Summary 

Introduction:

High-dose-rate brachytherapy (HDR-BT) is a type of internal radiation therapy, which consists of placing a radioactive source inside the body or close to the tumour, and allows for treatment to be administered in a very short time. Moreover, the radioactive substance does not remain in the patient.
Cancers of the mobile portion of the tongue are located in front of the circumvallate papillae and affect the anterior two thirds of the organ. These tumours account for 50% of diseases of the oral cavity.
Objectives: The main objective of this study was to assess the safety and effectiveness of HDR-BT in the treatment of tumours of the mobile tongue. The main specific objectives were to assess the benefits in terms of safety, loco-regional control, distant metastasis and survival with respect to other treatments.

Methods:

In June 2014, we conducted a systematic search of the scientific literature contained both in leading computerised biomedical databases, such as PubMed, Embase, ISI Web of Knowledge, Centre for Reviews and Dissemination, Cochrane, etc., and in databases of ongoing studies (ClinicalTrials.gov, Current Controlled Trials, etc.). In addition, we also conducted a general Internet search to locate grey literature. After drawing up and defining a series of selection criteria, we included all studies that fulfilled these criteria and excluded -among others- those that assessed different brachytherapy techniques jointly. Data were collected and summarised in evidence tables, with quality being assessed using the SIGN scale.

Results:

The study encompassed a systematic review, which covered a total of 14 publications that met our selection criteria, and two further studies not included in the review. With the exception of one clinical trial, all the remaining (case-control and case-series) studies were retrospective and thus reported assessments of historical series of patients. The studies were conducted on patients with early stage T1-3N0 tumours of the tongue: in some instances, patients with stage T4 disease and positive ganglia involvement were included, mostly in studies with administration of external radiotherapy in addition to brachytherapy. In the majority of studies, patients treated with HDR-BT registered toxicity rates that were higher than or similar to those obtained in the studies on low-dose-rate brachytherapy (LDR-BT).
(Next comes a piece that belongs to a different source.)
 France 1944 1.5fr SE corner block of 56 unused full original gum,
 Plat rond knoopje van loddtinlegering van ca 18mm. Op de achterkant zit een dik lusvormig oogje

Local control and survival were similar with both techniques. These results were reported by most of the studies, including the small-sized clinical trial. Studies that administered brachytherapy jointly with external radiotherapy reported widely differing outcomes.

Conclusions and recommendations:

Isolation of patients and irradiation of healthcare staff are both avoided with HDR-BT, yet the evidence found is nevertheless heterogeneous and of moderate-low quality. Despite the fact that the general results on effectiveness proved similar for HDR-BT and LDR-BT, doubts surrounding safety make it impossible to establish recommendations for use at the present.